Ten minutes earlier we had found two young boys standing on the side of a lake. The smaller one was frozen holding his fishing pole as the older one gingerly held the fishing line at his mouth. We jogged over to help. Rachel went looking for his mom way down the beach. I grabbed a slimy knife from their bucket and cut the line as close to the hook as possible, so afraid I would slip and tug it deeper into the soft flesh. It was a big hook and the end of the worm was still on there. I patted him on the back.

"You're going to be okay, buddy. A doctor can get that out for you, no problem. You're pretty tough, little man." As we walked I tried to lighten the mood a little. "Does it hurt?"

"It's numb," he said, flatly. Then silence. "Am I gonna get stitches?" he inquired, annoyed.

"One or two," I guessed. "But I'm no doctor. Hey - at least it will be a good story," I smiled. No smile back. I tried a joke and asked some questions but overall he was a pretty serious little kid.

We were walking fast until the boy caught sight of his mom, who was apparently in no rush. The boy slowed to a stop. No emotion on his face, just that ugly sunken hook and a foot of fishing line dangling from his lip. And no wonder he was numb. Not a soft word, not a tender touch, not an inquiring look was given by the mother nor the aunt. Just rolling their eyes at the boy while slowly hiking up from the beach. I felt awkward as I stood in the gap between them.

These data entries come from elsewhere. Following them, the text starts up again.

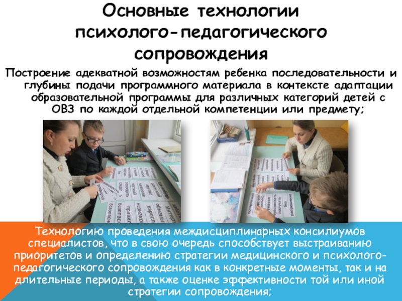 Технологию проведения междисциплинарных консилиумов специалистов, что в свою очередь способствует выстраиванию приоритетов и определению стратегии медицинского и психолого-педагогического сопровождения как в конкретные моменты, так и на длительные периоды, а также оценке эффективности той или иной стратегии сопровождения;
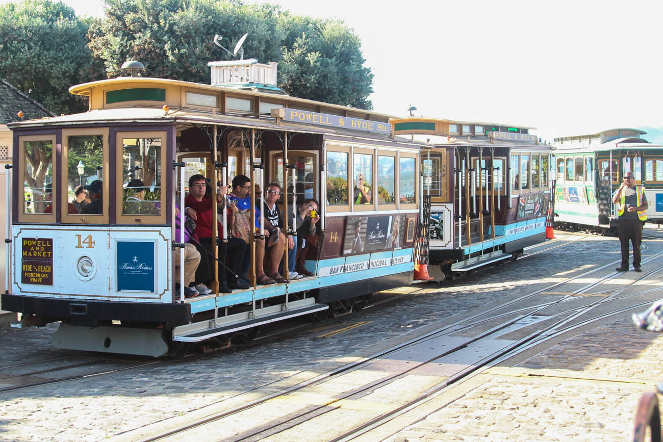 From there we followed the tacky tourist streets around to the Powell Hyde Cable Car stop which was fairly busy, but got worse as we stood in line for about 10-15 min. That was a neat experience, with such steep hills it was a challenge to stay in your seat without sliding sideways, especially while holding a squirmy baby. Unfortunately the photo ops were limited, to none, and we didn’t get to sit facing outwards as those seats were also few and far between.
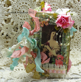 (you will see my stamping and embossing on the inside of my card a little later. I used the Vintage Stained Seam Binding that I purchased from Debbie at the Shabby Tea Room. I just LOVE it!
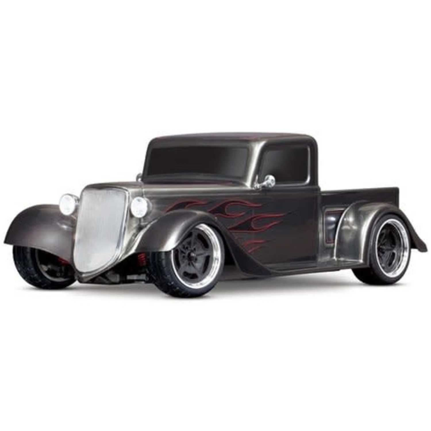 The Traxxas 4-Tec 3.0 1/10 RTR Touring Car with Factory Five ’35 Hot Rod Truck Body gets its styling from the early days of hot rods. The 4-Tec 3.0 chassis features a three-hundred millimeter wheelbase that has been equipped with low profile suspension. This is what allows for the deep-cut body lines seen on this model. Using a modular platform, this hot rod offers extreme handling and endless tuning potential. The body of this hot rod uses a deep silver finish, detailed graphics, narrow hood design and an aggressive chopped roof. Chrome headlights, grill and side mirrors are included to add to the classic feel of this hot rod. LED head lights and tail lights are waterproof and installed for a perfect fit and finish. Clipless body mounts are used so that no holes are drilled into this stunning body. This hidden mechanism delivers a secure hold, and releases in seconds to provide chassis access.
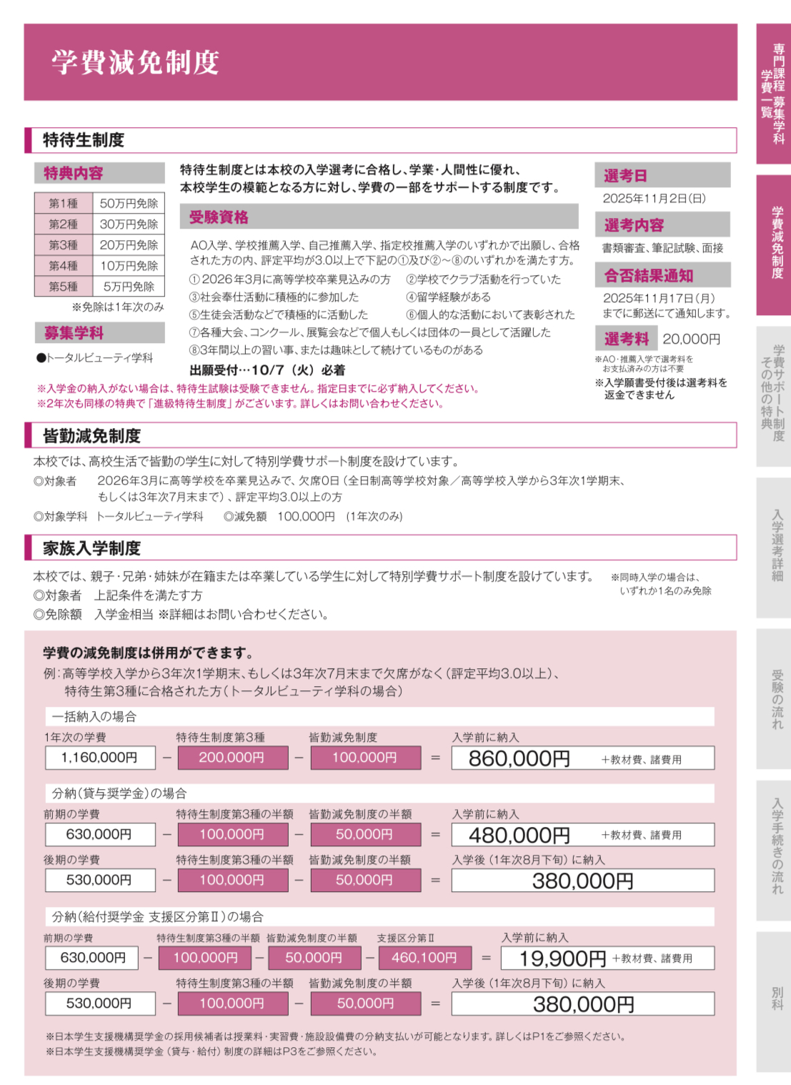 学費・学費減免制度・奨学金・その他特典
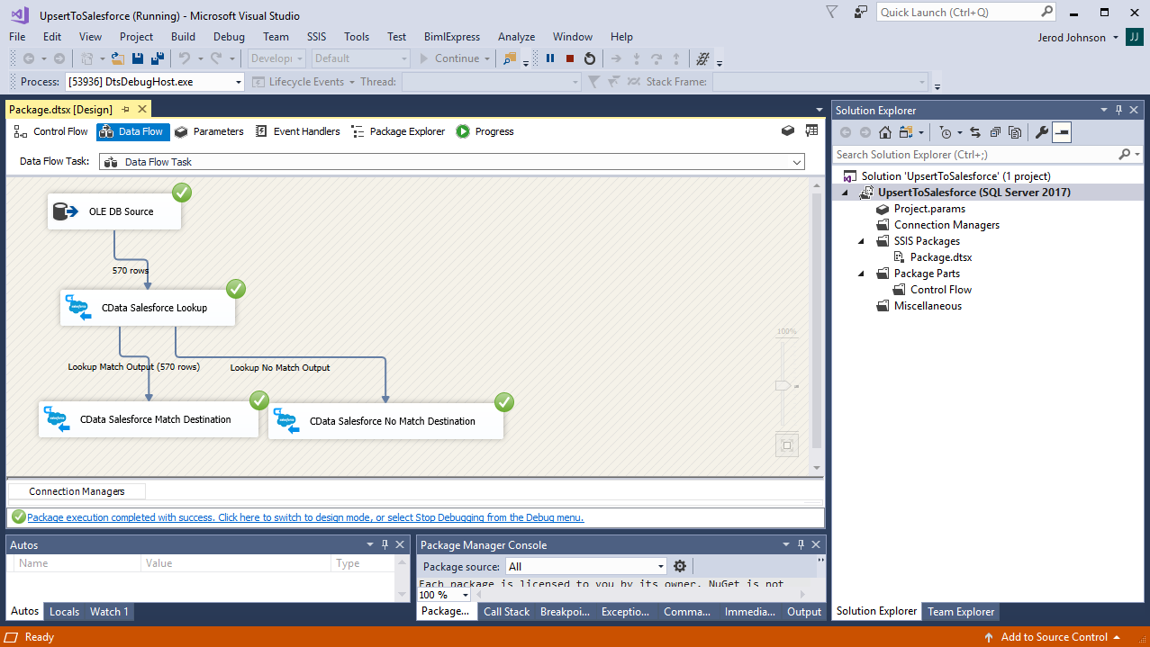 You can now run the project. After the SSIS Task has finished executing, data from your SQL table will be exported to the chosen table.
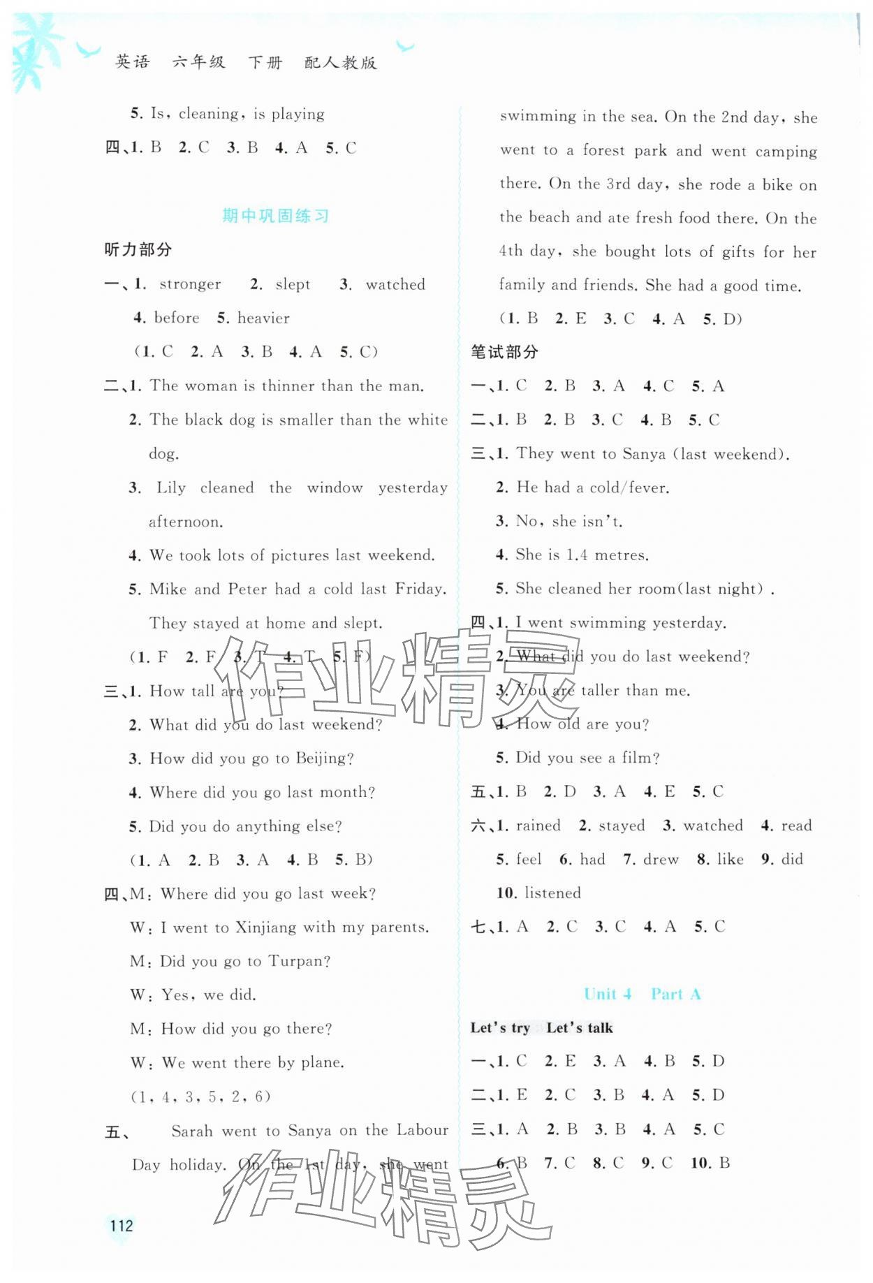 注:目前有些书本章节名称可能整理的还不是很完善,但都是按照顺序排列的,请同学们按照顺序仔细查找。练习册 2024年新课程学习与测评同步学习六年级英语下册人教版 答案主要是用来给同学们做完题方便对答案用的,请勿直接抄袭。

If I was a boy and I had a hook in my mouth, first thing I would do would be to run to my parents, crying. And if I was a parent whose son had a hook in his mouth, first thing I would do would be to run to my son, kneel in the sand, take a look at the lip and tell him it would all be okay.

My heart was in pain, longing for the boy to just cry and run to his mom. Longing for the mom to comfort her son, to show compassion.

"Great. Now we gotta go to the hospital," they scolded as the whole party walked off, leaving Rachel and I behind, bewildered.

"Wonder how that kid is going to treat his kids," thought Rachel.
"Wonder how her mom treated her," I added.

I couldn't get over the flat affect of the boy at the sight of his annoyed mother. Maybe the mom unknowingly cast her hook of pain right into her son and tugged: stuck. The pain may be numb, but it's easy to see hanging on his serious face.

I once heard someone say that hurt people hurt people. That's certainly true of me. I have hooks in my lip, gingerly holding the line, following close. I have my stitches too. We all do, don't we? So what if we can't help it? With all our flailing hooks, somebody's bound to be hurt.How do we respond to one another in our hurt? Does the person who cuts the line and calls for help have to be hook-free? And where the heck is the doctor?!